For the team's debut season in , Mario Tolentino designed the ER188 chassis, to be powered by a normally-aspirated 3.5-litre Cosworth DFZ engine. 1987 Formula 3000 champion Stefano Modena and long-time Brun sportscar stalwart Oscar Larrauri were signed to drive. Despite a solid if unspectacular start to the season, EuroBrun were soon struggling as money ran low. There was internal trouble when Brun unsuccessfully tried to replace Larrauri with Christian Danner (the Argentine driver had gained the unwanted reputation among his fellow drivers of being a 'mobile chicane' in both qualifying and races) and Euroracing were showing disinterest in Formula One. Both drivers failed to qualify at certain events (Modena missing out four times and being excluded from another two races for technical infringements, and Larrauri failing seven times).

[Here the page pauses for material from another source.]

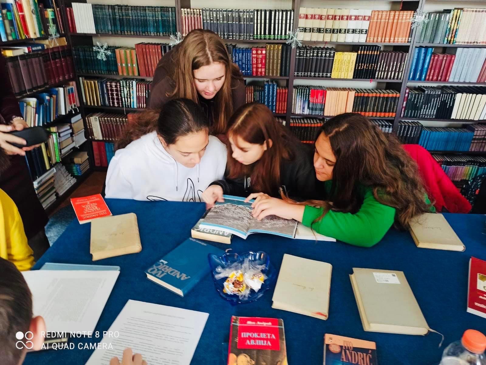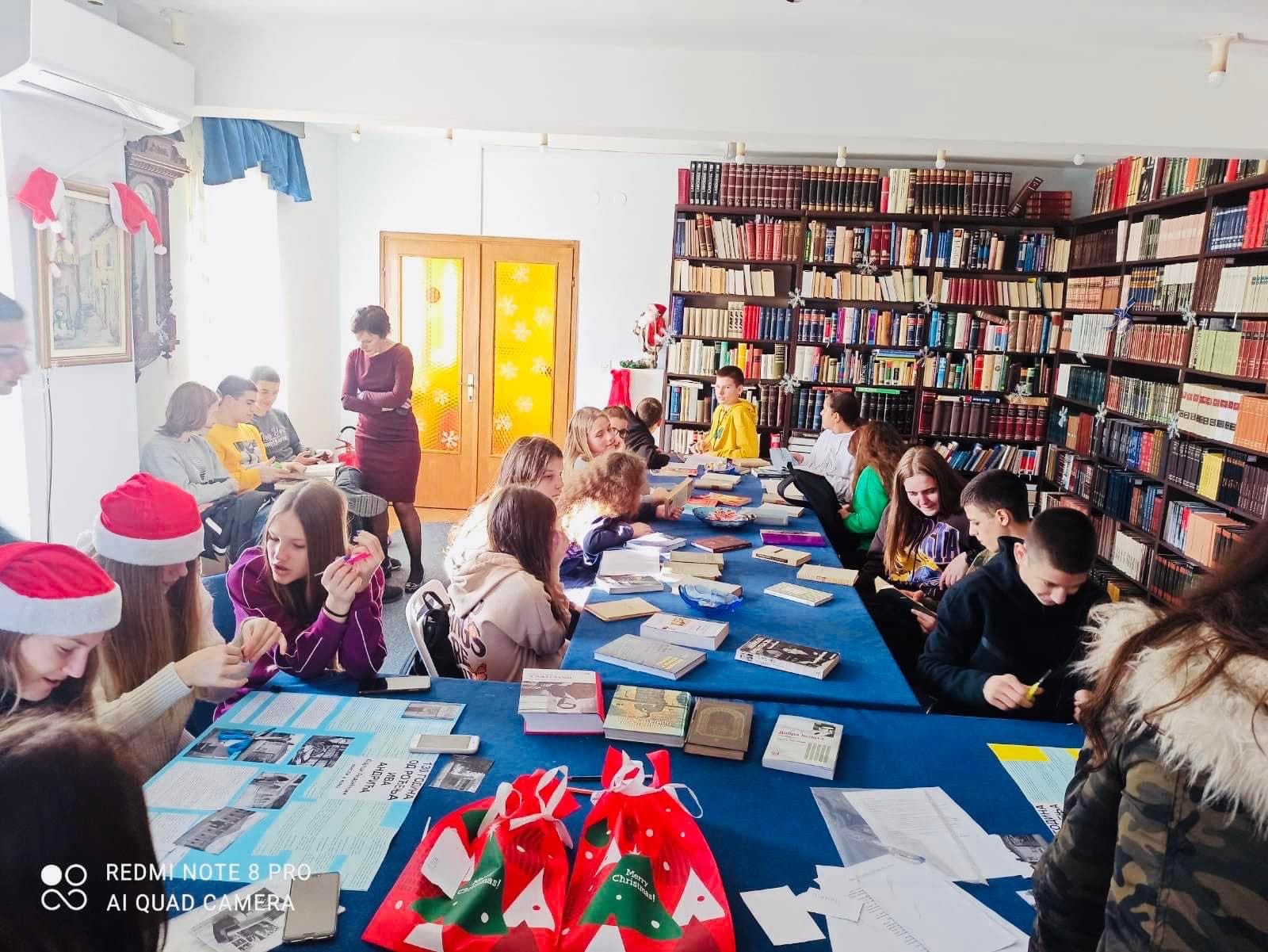 U ponedeljak, 26. decembra 2022. godine, imali smo čast da ugostimo đake OŠ „Ilija Kišić“ iz Zelenike i njihovu nastavnicu gđu Tamaru Komar. Povod je bio literarni konkurs „Umjetnost kao igra“ koji je gđa Komar organizovala za svoje vrijedne učenike u saradnji sa Andrićevom zadužbinom iz Beograda, a u znak obilježavanja 130 godina od rođenja nobelovca Iva Andrića. Čitajući radove, osjetili smo ponos na mlade sugrađane koji su čitanju djela pisca pristupili ozbiljno i otvorenog srca, a onda u istom svijetlu prenijeli svoje utiske na papir. Osjetili smo i žal što svi učesnici ne mogu biti dobitnici nagrada, i vodeći se sitnim nijansama koje odlučuju, izabrali pobjednike.

Modena's 11th place at the Hungarian Grand Prix was the team's best result of the year.

==1989==
Before the season, Euroracing slimmed down to a nominal level of involvement, in the shape of a handful of engineers and mechanics. EuroBrun scaled back to a single car (being the only team to enter one car that year, as opposed to two) to be driven by Swiss driver Gregor Foitek, while the ER188 was modified slightly to take a Judd V8 engine and Pirelli tyres. The team would only make it through pre-qualifying once, in the opening race of the season in Brazil, and then Foitek failed to qualify. Even the introduction of George Ryton's new ER189 for the German Grand Prix did not help. Foitek quit after the Belgian Grand Prix, to be replaced by the returning Larrauri, who was no more successful.

==1990==
Despite failing to start a single race in 1989, the team returned in with two cars once again. Euroracing had now left the partnership altogether and the team started the season with an upgraded version of the ER189 known as the ER189B. Roberto Moreno led the team, with Claudio Langes in the second car. Langes would not make it through pre-qualifying once. A freak qualifying session at the opening race of the season in the United States saw Moreno start 16th on the grid and he eventually finished 13th. The capable Brazilian qualified again in San Marino and came close on other occasions, but as Brun lost enthusiasm, the EuroBruns fell further and further away from the grid. After 14 rounds the team withdrew from the Formula One Championship, having made only 21 starts from 76 entries. In 2021, Moreno claimed that the team purposely did not want to qualify for races so as not to spend funds they did not have on extra tyres and engine rebuilds, stating that the team gave him race-marked tyres to qualify on and the Judd engines went as long as four events without rebuilds.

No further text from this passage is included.